## KonradZuse Group Title Find the characteristic EQ of the following matrix. 2 years ago 2 years ago

@TuringTest pic to follow.

[7*lambda-8+(lambda-5)*(lambda(lambda)-1)] seems to be the answer, accordng to my book in the first question it gave the "characteristic polynomial" as the answer... So I wanted to do the same here.

4. TuringTest

which problem are you doing?

5. TuringTest

all of them in exercise 6?

6. phi

I assume you know to subtract lambda from the diagonals, then find the determinant of that matrix?

I'm doing 6E

MY book just shows for a 2x2 matrix that it's lambda - # on the main diagonal, and everything else is negated.

so I took the determinant for the 3x3, but my book wants the characteristic EQ, which is what I posted above, but the answer in the b ook showed the polynomial characteristic which was lambda^3 etc etc and then sifted out....

10. TuringTest

$A=\left[\begin{matrix}5&0&1\\1&1&0\\-7&1&0\end{matrix}\right]$$(\lambda I-A)=0=\left|\begin{matrix}\lambda-5&0&-1\\-1&\lambda-1&0\\7&-1&\lambda\end{matrix}\right|$take the determinant and what do you get?

I got [7*lambda-8+(lambda-5)*(lambda(lambda)-1)]

as shown in my pic

13. TuringTest

I don't think you simplified correctly...

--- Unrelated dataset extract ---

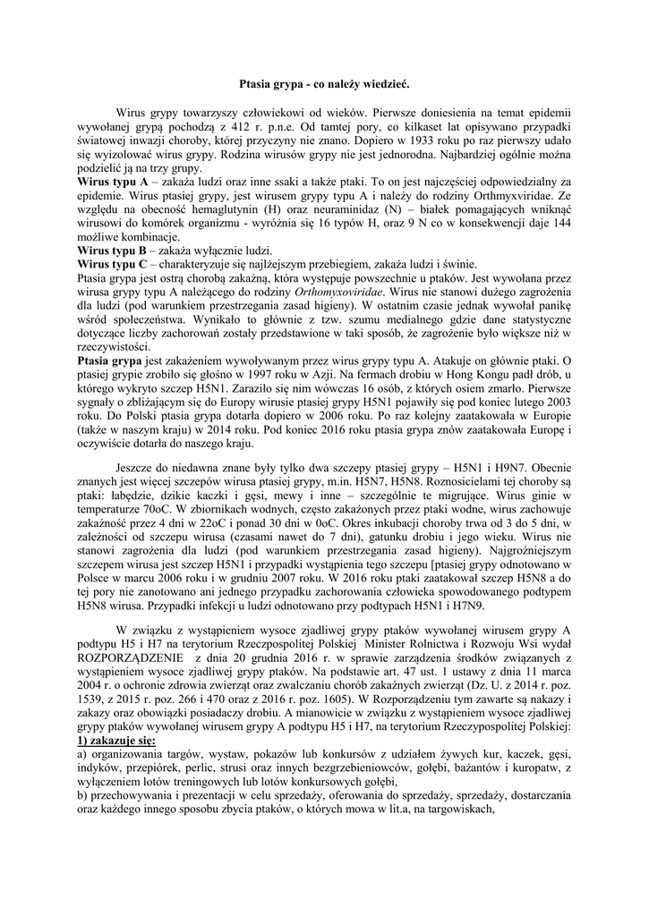 Ptasia grypa - co należy wiedzieć. Wirus grypy towarzyszy człowiekowi od wieków. Pierwsze doniesienia na temat epidemii wywołanej grypą pochodzą z 412 r. p.n.e. Od tamtej pory, co kilkaset lat opisywano przypadki światowej inwazji choroby, której przyczyny nie znano. Dopiero w 1933 roku po raz pierwszy udało się wyizolować wirus grypy. Rodzina wirusów grypy nie jest jednorodna. Najbardziej ogólnie można podzielić ją na trzy grupy. Wirus typu A – zakaża ludzi oraz inne ssaki a także ptaki. To on jest najczęściej odpowiedzialny za epidemie. Wirus ptasiej grypy, jest wirusem grypy typu A i należy do rodziny Orthmyxviridae. Ze względu na obecność hemaglutynin (H) oraz neuraminidaz (N) – białek pomagających wniknąć wirusowi do komórek organizmu - wyróżnia się 16 typów H, oraz 9 N co w konsekwencji daje 144 możliwe kombinacje. Wirus typu B – zakaża wyłącznie ludzi. Wirus typu C – charakteryzuje się najlżejszym przebiegiem, zakaża ludzi i świnie. Ptasia grypa jest ostrą chorobą zakaźną, która występuje powszechnie u ptaków. Jest wywołana przez wirusa grypy typu A należącego do rodziny Orthomyxoviridae. Wirus nie stanowi dużego zagrożenia dla ludzi (pod warunkiem przestrzegania zasad higieny). W ostatnim czasie jednak wywołał panikę wśród społeczeństwa. Wynikało to głównie z tzw. szumu medialnego gdzie dane statystyczne dotyczące liczby zachorowań zostały przedstawione w taki sposób, że zagrożenie było większe niż w rzeczywistości. Ptasia grypa jest zakażeniem wywoływanym przez wirus grypy typu A. Atakuje on głównie ptaki. O ptasiej grypie zrobiło się głośno w 1997 roku w Azji. Na fermach drobiu w Hong Kongu padł drób, u którego wykryto szczep H5N1. Zaraziło się nim wówczas 16 osób, z których osiem zmarło. Pierwsze sygnały o zbliżającym się do Europy wirusie ptasiej grypy H5N1 pojawiły się pod koniec lutego 2003 roku. Do Polski ptasia grypa dotarła dopiero w 2006 roku. Po raz kolejny zaatakowała w Europie (także w naszym kraju) w 2014 roku. Pod koniec 2016 roku ptasia grypa znów zaatakowała Europę i oczywiście dotarła do naszego kraju. Jeszcze do niedawna znane były tylko dwa szczepy ptasiej grypy – H5N1 i H9N7. Obecnie znanych jest więcej szczepów wirusa ptasiej grypy, m.in. H5N7, H5N8. Roznosicielami tej choroby są ptaki: łabędzie, dzikie kaczki i gęsi, mewy i inne – szczególnie te migrujące. Wirus ginie w temperaturze 70oC. W zbiornikach wodnych, często zakażonych przez ptaki wodne, wirus zachowuje zakaźność przez 4 dni w 22oC i ponad 30 dni w 0oC. Okres inkubacji choroby trwa od 3 do 5 dni, w zależności od szczepu wirusa (czasami nawet do 7 dni), gatunku drobiu i jego wieku. Wirus nie stanowi zagrożenia dla ludzi (pod warunkiem przestrzegania zasad higieny). Najgroźniejszym szczepem wirusa jest szczep H5N1 i przypadki wystąpienia tego szczepu [ptasiej grypy odnotowano w Polsce w marcu 2006 roku i w grudniu 2007 roku. W 2016 roku ptaki zaatakował szczep H5N8 a do tej pory nie zanotowano ani jednego przypadku zachorowania człowieka spowodowanego podtypem H5N8 wirusa. Przypadki infekcji u ludzi odnotowano przy podtypach H5N1 i H7N9. W związku z wystąpieniem wysoce zjadliwej grypy ptaków wywołanej wirusem grypy A podtypu H5 i H7 na terytorium Rzeczpospolitej Polskiej Minister Rolnictwa i Rozwoju Wsi wydał ROZPORZĄDZENIE z dnia 20 grudnia 2016 r. w sprawie zarządzenia środków związanych z wystąpieniem wysoce zjadliwej grypy ptaków. Na podstawie art. 47 ust. 1 ustawy z dnia 11 marca 2004 r. o ochronie zdrowia zwierząt oraz zwalczaniu chorób zakaźnych zwierząt (Dz. U. z 2014 r. poz. 1539, z 2015 r. poz. 266 i 470 oraz z 2016 r. poz. 1605). W Rozporządzeniu tym zawarte są nakazy i zakazy oraz obowiązki posiadaczy drobiu. A mianowicie w związku z wystąpieniem wysoce zjadliwej grypy ptaków wywołanej wirusem grypy A podtypu H5 i H7, na terytorium Rzeczypospolitej Polskiej: 1) zakazuje się: a) organizowania targów, wystaw, pokazów lub konkursów z udziałem żywych kur, kaczek, gęsi, indyków, przepiórek, perlic, strusi oraz innych bezgrzebieniowców, gołębi, bażantów i kuropatw, z wyłączeniem lotów treningowych lub lotów konkursowych gołębi, b) przechowywania i prezentacji w celu sprzedaży, oferowania do sprzedaży, sprzedaży, dostarczania oraz każdego innego sposobu zbycia ptaków, o których mowa w lit.a, na targowiskach, c) pojenia drobiu oraz ptaków utrzymywanych przez człowieka wodą ze zbiorników, do których dostęp mają dzikie ptaki, d) wnoszenia i wwożenia na teren gospodarstwa, w którym jest utrzymywany drób, zwłok dzikich ptaków lub tusz ptaków łownych; 2) nakazuje się: a) odosobnienie drobiu lub innych ptaków w gospodarstwie, w szczególności w zamkniętych obiektach budowlanych lub innych miejscach, w sposób uniemożliwiając y kontakt z drobiem lub innymi ptakami utrzymywanymi w innych gospodarstwach oraz ograniczający ich kontakt z dzikimi ptakami, b) zgłaszanie do powiatowego lekarza weterynarii miejsc, w których jest utrzymywany drób lub inne ptaki, z wyłączeniem ptaków utrzymywanych stale w pomieszczeniach mieszkalnych, c) utrzymywanie drobiu w sposób wykluczający jego dostęp do zbiorników wodnych, do których dostęp mają dzikie ptaki, d) zgłaszanie powiatowemu lekarzowi weterynarii właściwemu dla miejsca wysyłki, co najmniej na 24 godziny przed przemieszczeniem, informacji o planowanym przemieszczeniu przesyłek drobiu obejmujących: rodzaj przesyłki, ze wskazaniem odpowiednio gatunku drobiu, piskląt jednodniowych albo jaj wylęgowych, datę przemieszczenia, miejsce wysyłki i miejsce przeznaczenia, liczbę ptaków, e) przechowywanie paszy dla ptaków w sposób zabezpieczający przed kontaktem z dzikimi ptakami oraz i odchodami, f) karmienie i pojenie drobiu oraz ptaków utrzymywanych w niewoli w sposób zabezpieczający paszę i wodę przed dostępem dzikich ptaków oraz ic

Idk check my pic, that's what maple gave me anyways....

[(lambda-5)*(lambda-1)(lambda)+7*(0*0)-(-1)*(-1)]+[(lambda-1)*7+(lambda-5)*0-(0*(-1))*lambda]

16. phi

I have always done det(A - lambda*I)=0

That's what the book shows us.

18. phi

It comes from $Ax =\lambda x$ or $Ax -\lambda x=0$ $(A -\lambda I) x=0$

19. TuringTest

$(\lambda-5)(\lambda-1)(\lambda)+(-1)^3-[7(\lambda-1)(-1)]=0$what @phi said is true, you can do it either way

Yeah the book says that, then goes into normal determinants.e

Why is it only [7(λ−1)(−1)]?

22. TuringTest

the other parts have 0's so we can ignore them

and why do you only do it twice? I'm so confused. I thought the diagonal rule is 3 diags - 3 diags.

oic yeah.

deerrp :P

I don't like Maple's answer >( Wolfram doesn't either :P.

27. phi

I use co-factors (L-5) * det (lower right 2x2) ignore the 0 -1 * det(lower left 2x2)

I hate co factors... From TT's example I get [-7*lambda(-1)+1+(lambda(lambda-1))(lambda)] = 0

[((lambda-5)(lambda-1))(lambda)+(-1)^3]+[-7*(lambda-1)(-1)] = 0; [-7 lambda(-1) + 1 + lambda(lambda - 1)(lambda)] = 0

I just took what you did and entered it into Maple :P.

oh I think I know what Id id :P.

> [((lambda-5)(lambda-1))(lambda)+(-1)^3]+[-7*(lambda-1)(-1)] = 0; [-7 lambda(-1) + 1 + lambda(lambda - 1)(lambda)] = 0

I frogot to add some extra brackets :). Does this shizzle look better >(

Same thing it looks like >(

35. TuringTest

$(\lambda-5)(\lambda-1)(\lambda)+(-1)^3-[7(\lambda-1)(-1)]=0$$\lambda^3-6\lambda^2+5\lambda-1+7\lambda-7=0$$\lambda^3-6\lambda^2+12\lambda-8=0$I could have messed up, but I did it by eye...

TT never messes up :)

37. TuringTest

hehe, that attitude has cost me plenty of credits, so I strongly suggest you double-check me, and everyone else for that matter, on everything. I appreciate the confidence though :)

Normally maple gives me the good answer, but nope it's stupid :P.

40. TuringTest

yay :D always trust your brain first is the moral, I'd say Ok, dinner time, see ya!

NOOOOOOOOO!! 1 more quesitn plz.

42. TuringTest

$\lambda^3-6\lambda^2+12\lambda-8=(\lambda-2)^3=0$triple Eigenvalue, you can manage that I think ;) I really have to go, food getting cold read the link I gave you and good luck!!!!!!!!!!!!